Ever since coming into contact with HDR-loathing Steve Yedlin, Cullen Kelly’s discourse on HDR has become more and more detached from reality.
“As I just mentioned, the problem is that it’s very difficult to get a sense for what color space metric is required for me to deliver HDR to YouTube and what metadata has to be baked in, so that regardless of whatever flavor of HDR I master and can master here so that that’s going to reproduce one-to-one. That’s the first challenge, is even if I have an HDR master that I accurately mastered and that I can trust that what I was looking at was accurate, how do I actually get that to travel. There doesn’t seem to really be a solution to that for HDR for platforms like YouTube.”
Nothing could be further from the truth. It’s really not that complicated, Kelly. Workflows for delivery to YouTube are well-established.
“If I flip you in between my SDR and my HDR rendering of your image and I show you what I think the HDR should be, you’re not going to see much change, really. What you’re going to see is some little twinkles and sparkles come to life.”

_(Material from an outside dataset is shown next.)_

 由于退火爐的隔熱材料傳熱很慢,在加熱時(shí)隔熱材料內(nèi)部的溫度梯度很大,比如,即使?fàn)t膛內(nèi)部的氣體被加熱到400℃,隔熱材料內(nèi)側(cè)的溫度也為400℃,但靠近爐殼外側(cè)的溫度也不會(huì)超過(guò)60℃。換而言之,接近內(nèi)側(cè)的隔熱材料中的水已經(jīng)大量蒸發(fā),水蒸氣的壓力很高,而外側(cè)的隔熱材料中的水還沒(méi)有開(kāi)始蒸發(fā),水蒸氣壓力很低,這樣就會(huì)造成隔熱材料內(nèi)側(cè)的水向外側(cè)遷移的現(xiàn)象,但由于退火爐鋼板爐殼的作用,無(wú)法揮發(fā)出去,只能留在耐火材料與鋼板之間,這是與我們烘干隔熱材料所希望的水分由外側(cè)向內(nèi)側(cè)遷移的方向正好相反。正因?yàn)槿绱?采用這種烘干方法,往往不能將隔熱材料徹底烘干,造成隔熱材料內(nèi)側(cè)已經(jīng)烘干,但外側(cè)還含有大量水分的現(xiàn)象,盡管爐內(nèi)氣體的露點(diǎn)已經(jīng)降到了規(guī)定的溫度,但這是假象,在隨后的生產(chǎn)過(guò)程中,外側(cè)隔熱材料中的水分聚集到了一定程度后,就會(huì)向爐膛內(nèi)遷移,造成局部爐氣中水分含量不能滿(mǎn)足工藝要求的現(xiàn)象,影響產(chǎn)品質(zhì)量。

In other words, highlights are being robotically lifted in post just to give the image a slight sheen for no reason other than that the colorist thinks that’s what’s expected of them and not because they’re essential to the story.

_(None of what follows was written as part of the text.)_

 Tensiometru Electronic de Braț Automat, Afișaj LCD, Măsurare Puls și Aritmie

“There was a really vocal school of thought for a while with HDR that actually felt that HDR meant that the image should be brighter like if you want to call it the exposure of the image, the way that the display rendered the like the display exposure of the image should actually go up because that’s cool for some reason. I feel like no one is really arguing that anymore. I haven’t heard that argument in a while and I’m glad because it’s a dopey argument but that was a whole school of thought like, ‘oh the image itself should be brighter’, and that was some of my first exposure to HDR is people saying you got to check out HDR, it lets you make your image brighter and me looking at the brighter image and going cool, that looks terrible.”

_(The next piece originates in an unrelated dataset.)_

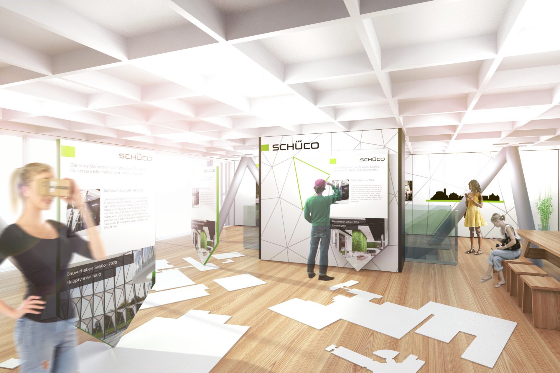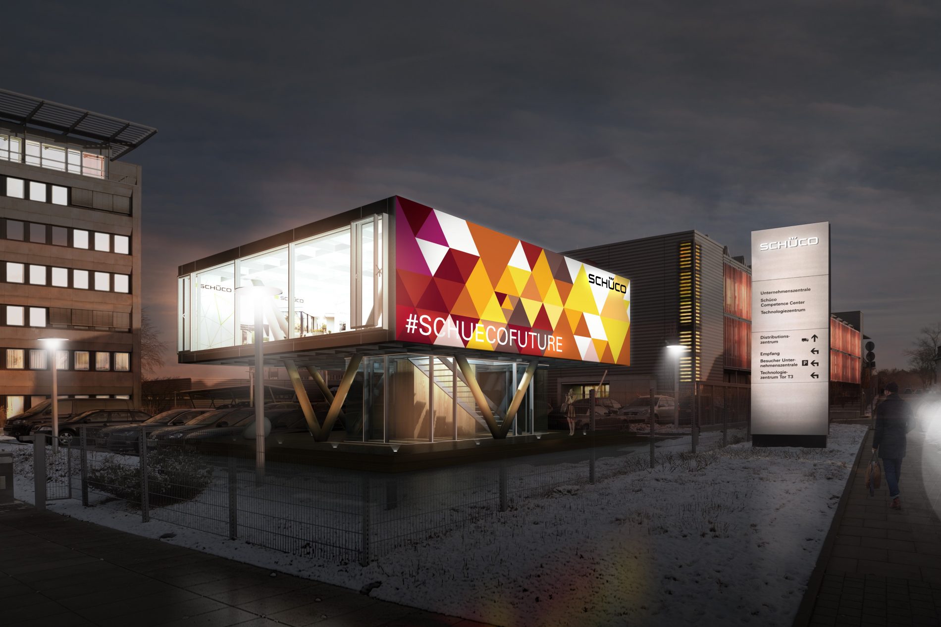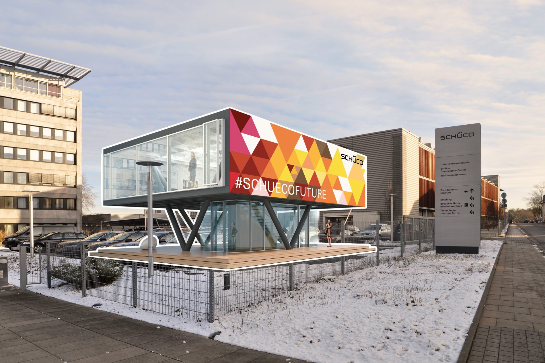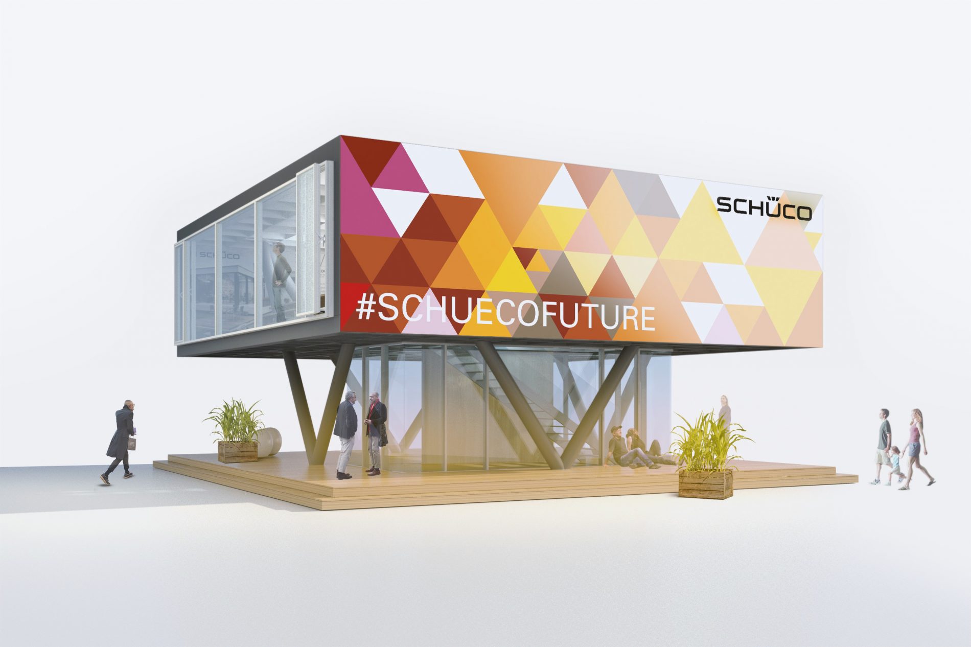 Schüco wird den Standort der Hauptverwaltung in Bielefeld in den nächsten Jahren deutlich ausbauen und mehrere Neubauvorhaben umsetzen. Die Bereiche Forschung und Entwicklung, Verwaltung und Logistik sowie die zur Haupterschließung gerichteten öffentlichen Bereiche des Unternehmens werden deutlich aufgewertet. Das Unternehmen bekennt sich damit zum Standort Bielefeld und Deutschland. Die Kommunikation der Investitionsmaßnahmen am Hauptquartier in Bielefeld bis 2020 an Mitarbeiter und Gäste ist das Ziel des Pavillons. Zugleich werden die Kernkompetenzen der Marke öffentlichkeitswirksam kommuniziert.

That is categorically false. There never was any such school of thought except in Kelly’s fevered imagination. No one has ever argued that HDR is about making the entire image brighter. We can’t recall a single instance of any cinematographer, producer, ASC technical committee member, DIT, movie reviewer, industry consultant, researcher, tech evangelist, SMPTE member, manufacturer, director, movie studio, post production house, color scientist, colorist or influencer who has ever uttered such an absurd and ridiculous thing. If there ever was such a school of thought, then surely Kelly can provide some documentation.